BEGIN

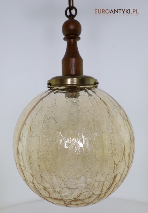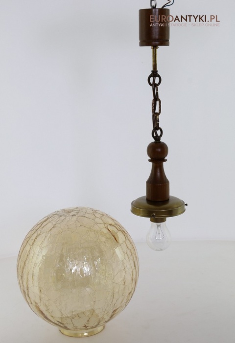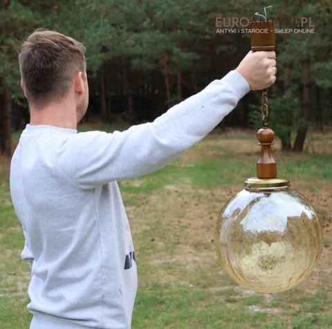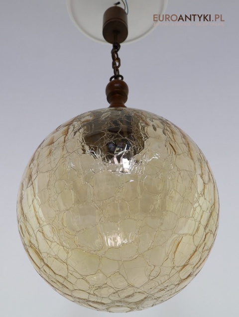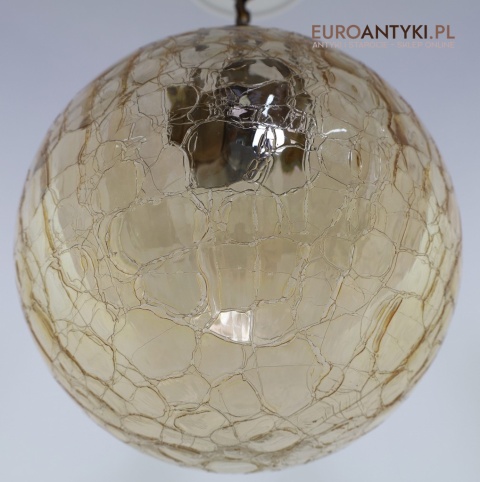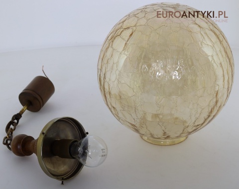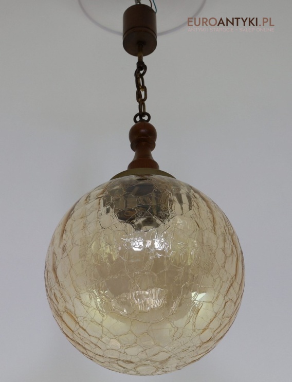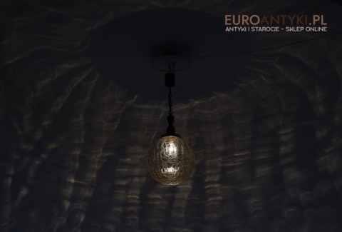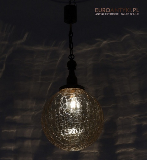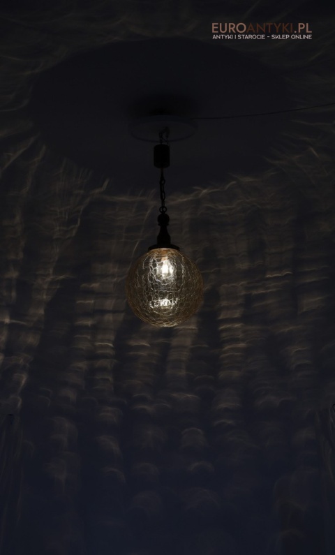Wykonanie i unikalność: Szklana kula o efekcie lodowego szkła jest rzadko spotykana, co czyni tę lampę przedmiotem unikalnym. To produkt z minionej epoki, który obecnie już nie jest wytwarzany, dlatego idealnie wpisuje się w ofertę kolekcjonerskich dodatków dla miłośników antyków i stylowych wnętrz.
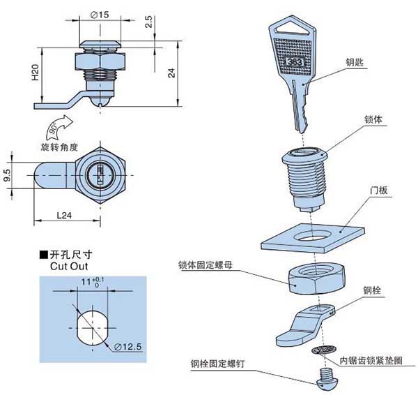 ● Material:Zinc die-casting body,Nut,Zinc plating cam、fixing parts
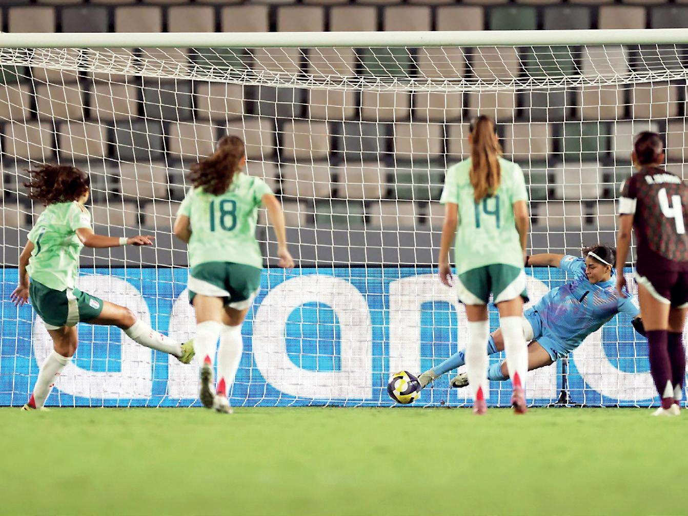 El primer tiempo lo tuvo de todo. Una montaña de emociones súbitas y dos penaltis contra las mexicanas que no terminaron en gol gracias a la actuación de la meta Valentina Murrieta.
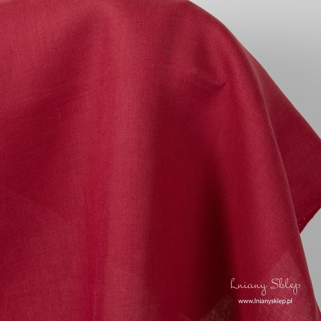 Jaskrawy czerwony len 100%. Splot „Panama”. Mocna, gęsto wytkana, średnio gruba tkanina lniana na szycie najróżniejszych produktów.
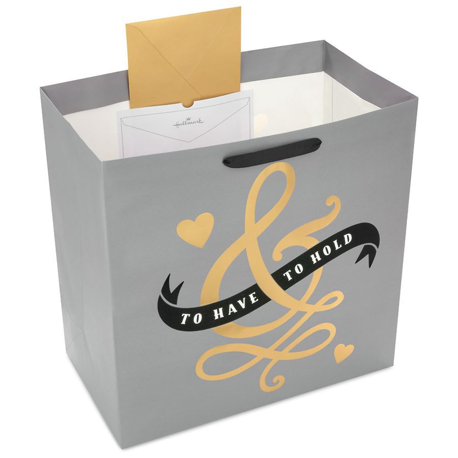 Celebrate their wedding, engagement or bridal shower in style with this elegant gift bag. Design features metallic gold hearts and accents on gray with message that reads To Have To Hold. Perfect for…
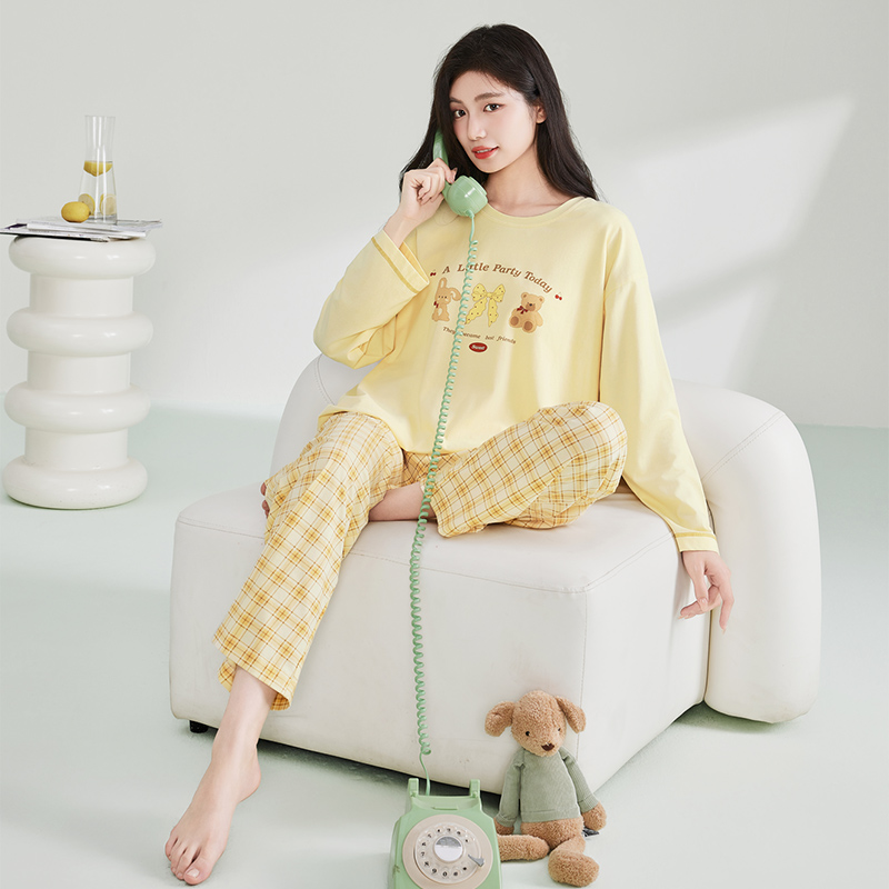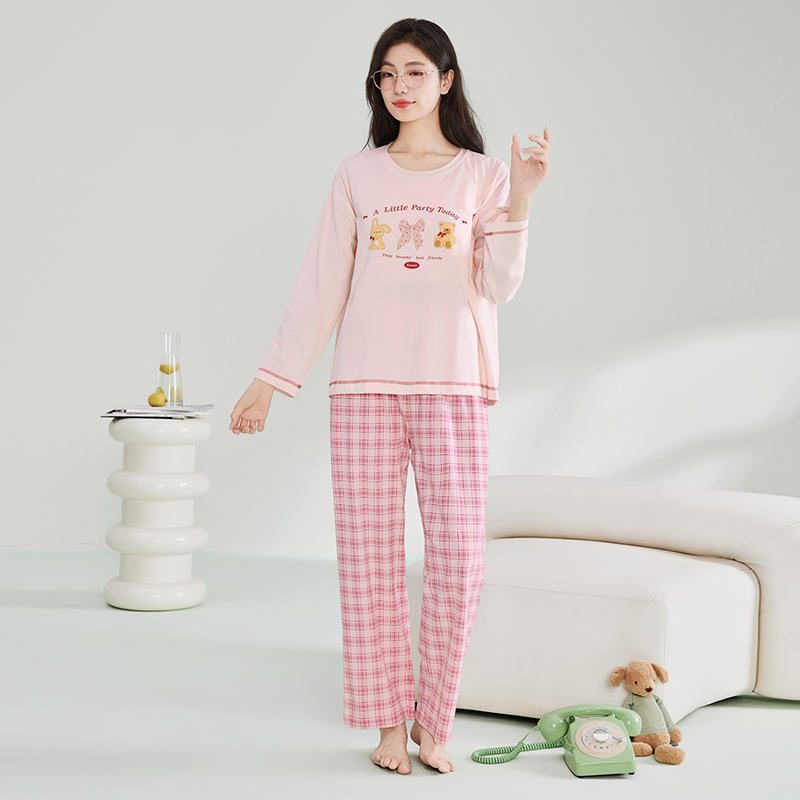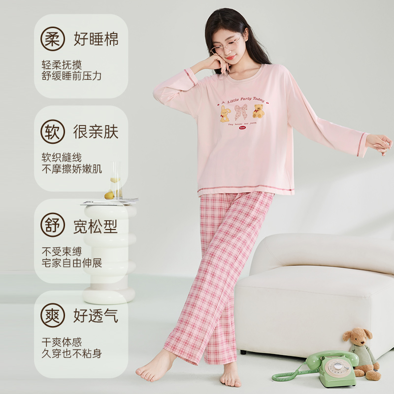 圆领套头家居服套装 带胸垫长袖 春秋 2025新款 玛伦萨纯棉睡衣女款

END

What to work on:
Please print the lines from the one holding "Jaskrawy czerwony len" through the end of the records above, unchanged and with the pictures left out.

Output for this task:
 Jaskrawy czerwony len 100%. Splot „Panama”. Mocna, gęsto wytkana, średnio gruba tkanina lniana na szycie najróżniejszych produktów.
 Celebrate their wedding, engagement or bridal shower in style with this elegant gift bag. Design features metallic gold hearts and accents on gray with message that reads To Have To Hold. Perfect for…
 圆领套头家居服套装 带胸垫长袖 春秋 2025新款 玛伦萨纯棉睡衣女款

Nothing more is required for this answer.